About this exercise: Type out each record word for word. Pictures stay out.

Data in this exercise:
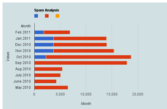 Here is a brief dataset I out after one hour of cutting and pasting from WordPress.com’s creative data style formats. It shows spam,comments,traffic, and number of posts written monthly.
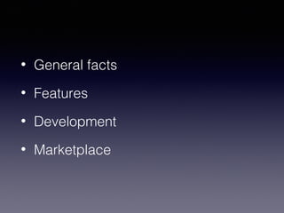 Windows Phone 8 was a successor to Windows Mobile released in 2012, featuring a touch-friendly "Metro" interface, integration with Microsoft services like SkyDrive and Office, and development tools like the Windows Phone SDK and Visual Studio to make app creation easier. It aimed to have the best user interface for mobility while maintaining common code with Windows 8 and being handy for documents.
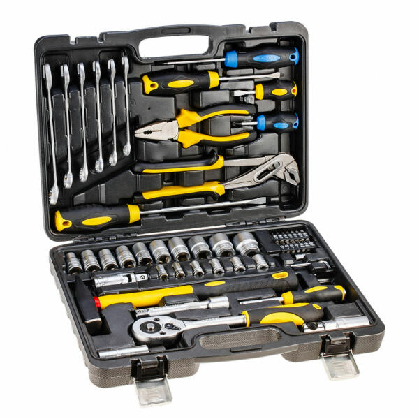 A Topex szerszámkészlet 56 db elrendezett elemet tartalmaz kényelmes műanyag hordtáskában. Minden elemére jellemző a kiváló minőségű kivitel. A készletben olyan alapvető szerszámok kaptak helyet, mint pl. ½"-os racsnis hajtókar, csavarhúzók, fogók, 300 g-os kalapács, csillag-villás kulcsok, dugókulcsok és csavarhúzó bitek. A készlet széleskörű felhasználásra talál
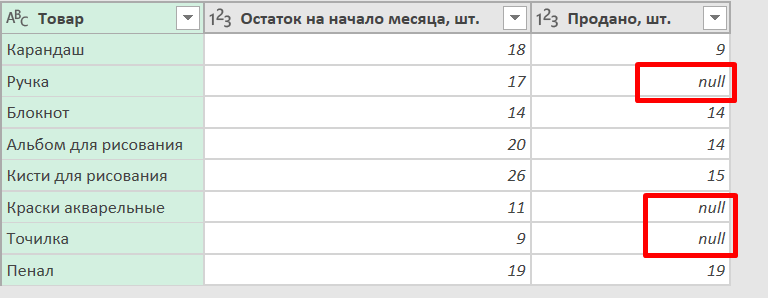 Если вы работаете в Power Query, то наверняка видели такое: NULL - в этой статье разберем, что это такое и увидим, чем он опасен. Несмотря на то, что NULL созвучен со словом "ноль" - это совсем не ноль. NULL - это пустота. Отсутствие значения. Предыдущая картинка как нельзя лучше иллюстрирует различие между 0 и NULL. (тут, как говорится, кто понял, тот понял 😀) Все же работают в Excel и знают функцию ВПР? (ну а как иначе вы оказались на моем канале 😀). Когда функция ВПР не находит искомое значение в таблице-источнике, она выдает ошибку #Н/Д - "Нет данных" Заметьте - не 0, а именно "Нет данных". То же самое происходит и в Power Query. Особенно часто эта ошибка возникает при объединении запросов - аналог функции ВПР в Power Query. Рассмотрим на примере. У нас есть две таблицы: Таблица 1 - остатки на складе на начало месяца Таблица 2 - продажи за месяц Задача - посчитать остатки на конец месяца. Загрузим обе таблицы в Power Query. Для этого встанем на любую ячейку внутри таблицы
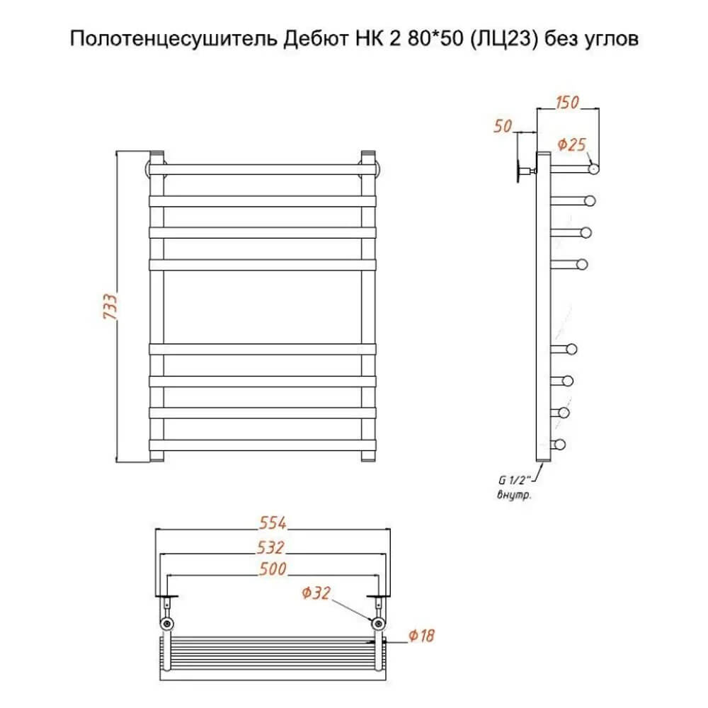 - Форма полотенцесушителя – лесенка с 8 перекладинами
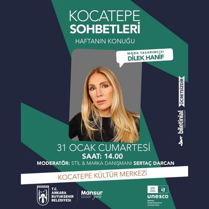 ‘’Moda Tasarımcısı Dilek Hanif, Kocatepe Sohbetleri kapsamında Ankaralılarla buluşuyor. Dilek Hanif; moda tasarım dünyasından önemli detaylar ile üretim ve başarı yolculuğunu kendi anlatımıyla dinleyicilerle paylaşacak.’’
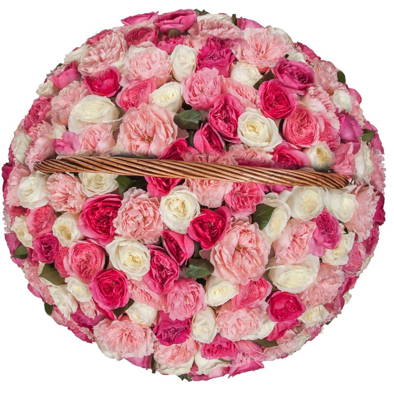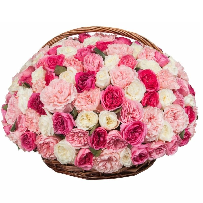MIX из 101 пионовидной розы, корзина, оазис.

Exercise answer:
 Here is a brief dataset I out after one hour of cutting and pasting from WordPress.com’s creative data style formats. It shows spam,comments,traffic, and number of posts written monthly.
 Windows Phone 8 was a successor to Windows Mobile released in 2012, featuring a touch-friendly "Metro" interface, integration with Microsoft services like SkyDrive and Office, and development tools like the Windows Phone SDK and Visual Studio to make app creation easier. It aimed to have the best user interface for mobility while maintaining common code with Windows 8 and being handy for documents.
 A Topex szerszámkészlet 56 db elrendezett elemet tartalmaz kényelmes műanyag hordtáskában. Minden elemére jellemző a kiváló minőségű kivitel. A készletben olyan alapvető szerszámok kaptak helyet, mint pl. ½"-os racsnis hajtókar, csavarhúzók, fogók, 300 g-os kalapács, csillag-villás kulcsok, dugókulcsok és csavarhúzó bitek. A készlet széleskörű felhasználásra talál
 Если вы работаете в Power Query, то наверняка видели такое: NULL - в этой статье разберем, что это такое и увидим, чем он опасен. Несмотря на то, что NULL созвучен со словом "ноль" - это совсем не ноль. NULL - это пустота. Отсутствие значения. Предыдущая картинка как нельзя лучше иллюстрирует различие между 0 и NULL. (тут, как говорится, кто понял, тот понял 😀) Все же работают в Excel и знают функцию ВПР? (ну а как иначе вы оказались на моем канале 😀). Когда функция ВПР не находит искомое значение в таблице-источнике, она выдает ошибку #Н/Д - "Нет данных" Заметьте - не 0, а именно "Нет данных". То же самое происходит и в Power Query. Особенно часто эта ошибка возникает при объединении запросов - аналог функции ВПР в Power Query. Рассмотрим на примере. У нас есть две таблицы: Таблица 1 - остатки на складе на начало месяца Таблица 2 - продажи за месяц Задача - посчитать остатки на конец месяца. Загрузим обе таблицы в Power Query. Для этого встанем на любую ячейку внутри таблицы
 - Форма полотенцесушителя – лесенка с 8 перекладинами
 ‘’Moda Tasarımcısı Dilek Hanif, Kocatepe Sohbetleri kapsamında Ankaralılarla buluşuyor. Dilek Hanif; moda tasarım dünyasından önemli detaylar ile üretim ve başarı yolculuğunu kendi anlatımıyla dinleyicilerle paylaşacak.’’
MIX из 101 пионовидной розы, корзина, оазис.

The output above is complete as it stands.